## Supervised Learning
### Logistic Regression

## Heart Attack Possibility
### Problem Statement:
With the given data you are required to identify the key hidden patterns accociated with heart attack and use the information to build a predictive model which can identify and predict the possibility of getting a heart attack.

### Solution:
Building a predictive model comprising of Logistic Regression which can identify the patients who are likely to have a heart attack and also predict the possibility of getting a heart attack.

### Approach:
- EDA: Exploratory Data Analysis.
- Preparing the data for modeling.
- Training the model.
- Model Evaluation.
- prediction on test data.

In [None]:
# Ignoring warnings
import warnings
warnings.filterwarnings('ignore')

In [None]:
# Importing relevant libraries.
import numpy as np
import pandas as pd
import matplotlib.pyplot as plt
import seaborn as sns
import statsmodels.api as sm
import sklearn

In [None]:
from sklearn.model_selection import train_test_split
from sklearn.preprocessing import MinMaxScaler
from sklearn.linear_model import LogisticRegression
from sklearn.feature_selection import RFE
from statsmodels.stats.outliers_influence import variance_inflation_factor
from sklearn import metrics

In [None]:
# Setting the visual preferance
plt.style.use('dark_background')

## Task 1: EDA - Exploratory Data Analysis
- ### Subtask 1.1: Read and understand the data.

In [None]:
df = pd.read_csv('../input/health-care-data-set-on-heart-attack-possibility/heart.csv')

In [None]:
df.head()

In [None]:
df.info()

In [None]:
df.shape

In [None]:
df.duplicated().sum()

In [None]:
round(df.isnull().sum()/len(df.index)*100,4)

##### Explanation: 
The data set has total of 303 rows and 14 columns out of which there are 13 independent and 1 dependent variable which are all numerical. There is no missing values in the data set and there is only 1 duplicate value which can be removed.
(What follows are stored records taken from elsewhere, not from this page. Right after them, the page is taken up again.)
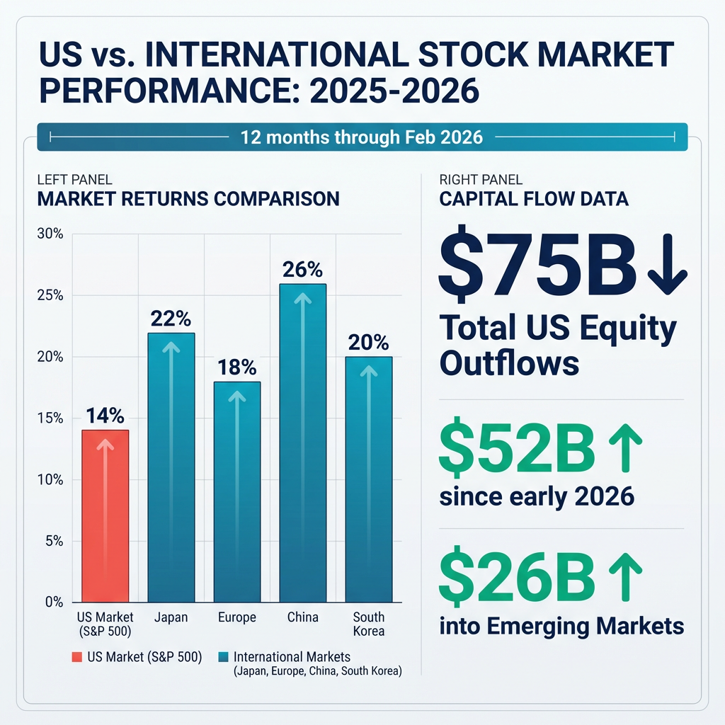 US investors are rotating billions of dollars into international stocks after watching overseas markets outperform domestic equities throughout 2025 and into 2026. The MSCI All Country World Index ex-USA outperformed the S&P 500 by double-digit percentage points in 2025, with the rally continuing robustly into early 2026. This performance gap has prompted a significant capital reallocation, with $75 billion withdrawn from US equity funds over six months through February 2026.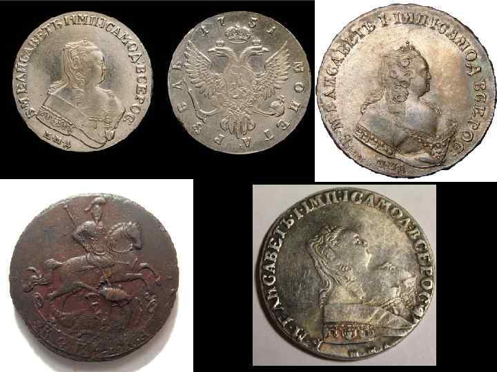 ЕЛИЗАВЕТА I ПЕТРОВНА • С 1730 года правящая верхушка постоянно испытывала давление со стороны наследников Петра Великого. Воспользовавшись падением авторитета Анны Леопольдовны, правившей за малолетнего Ивана VI, сторонники Елизаветы Петровны (дочери Петра I) организовали дворцовый переворот. Елизавета I продолжала политику своего отца, провела масштабные реформы в области образования и театральных искусств, но в то же время прославилась очень пышными торжествами и балами. Её гардероб насчитывал несколько тысяч платьев. • С 1757 года медная монетная стопа понижается до 16 рублей из пуда и начинают чеканиться монеты, почти не изменившиеся до 1796 года. Тогда же появляются несколько видов пробных монет, считающиеся сейчас раритетами. Несколько проб произведено и в золотой чеканке. К червонцу и двойному червонцу добавляются рубль, 2 рубля, 20 рублей, начинается чеканка империала (10 рублей) и полуимпериала (5 рублей).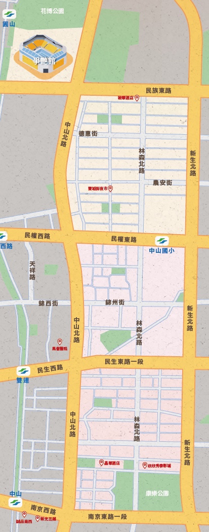 從臺北城外沿著中山北路,一路走到圓山花博公園,匯聚「山」、「水」、「綠意」、「文化」與「產業」風華。這裡是中山商圈,是臺北的精緻休閒廊帶,代表著這座大都會的繁榮,也勾起旅客們的美好記憶。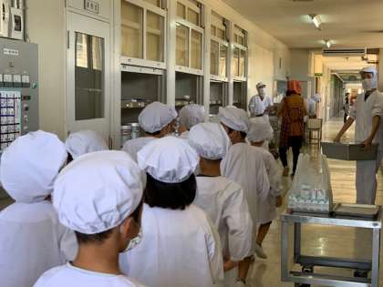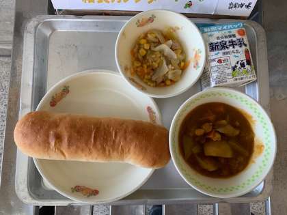 本日のメニューは「ひよこまめのカレー・コーンキャベツ・コッペパン・牛乳」でした。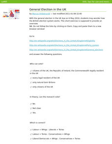 In this United Kingdom election learning exercise, students research the listed Web sites regarding elections in the country and then respond to 9 multiple choice and short answer questions about the selection.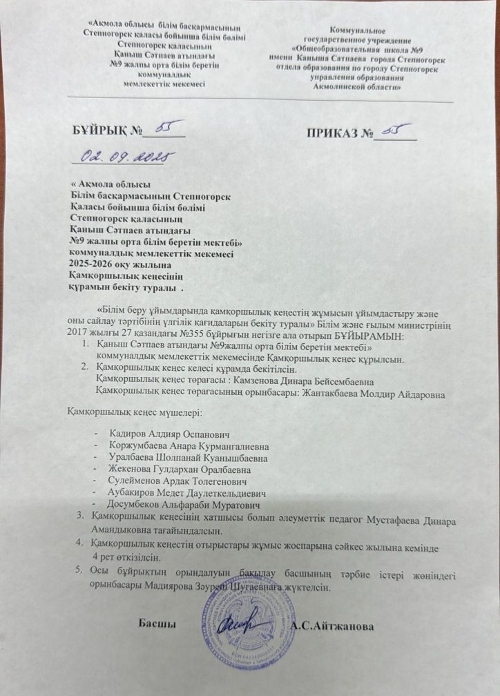 Коммунальное государственное учреждение  «Общеобразовательная  школа №9 имени  Каныша Сатпаева города Степногорск отдела образования по городу Степногорск управления образования  Акмолинской области»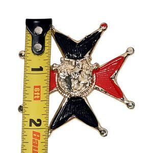 Vintage Cross Lion Brooch Pin Red Blue Gold Tone Back

- ### Subtask 1.2: Assigning proper column names

In [None]:
df.rename(columns = {'cp': 'chest pain', 'trestbps': 'resting BP', 'chol': 'cholestoral', 'fbs': 'fasting Blood sugar',
                    'restecg': 'resting ECG', 'thalach': 'maximum heart rate', 'exang': 'exercise induced angina',
                    'oldpeak': 'ST depression', 'ca': 'no.of major vessels blocked', 'thal': 'defect'}, inplace = True)

In [None]:
df.head()

- ### Subtask 1.3: Outliers

In [None]:
var = df.drop('target', axis = 1).columns

In [None]:
plt.figure(figsize = (15,15))
for x in enumerate(var):
    plt.subplot(5,3,x[0]+1)
    sns.boxplot(x[1], data = df, palette = 'Purples')
plt.show()

In [None]:
outliers = ['resting BP', 'cholestoral', 'maximum heart rate', 'ST depression', 
            'no.of major vessels blocked', 'defect']

In [None]:
plt.figure(figsize = (15, 10))
for x in enumerate(outliers):
    plt.subplot(2,3,x[0]+1)
    sns.boxplot(x[1], data = df, palette = 'Purples')
plt.show()

In [None]:
df['resting BP'].quantile([0.25,0.50,0.75,0.90,0.95,0.99])

In [None]:
df.loc[df['resting BP']> 160, ['resting BP']] = 160

##### Explanation:
There are not much outliers in the dataset. There are very few data points which are outliers and this can be ignored. Only the variable 'resting BP' had around 4% of the data as outliers hence this was treated by capping the outliers to the 95th percentile. 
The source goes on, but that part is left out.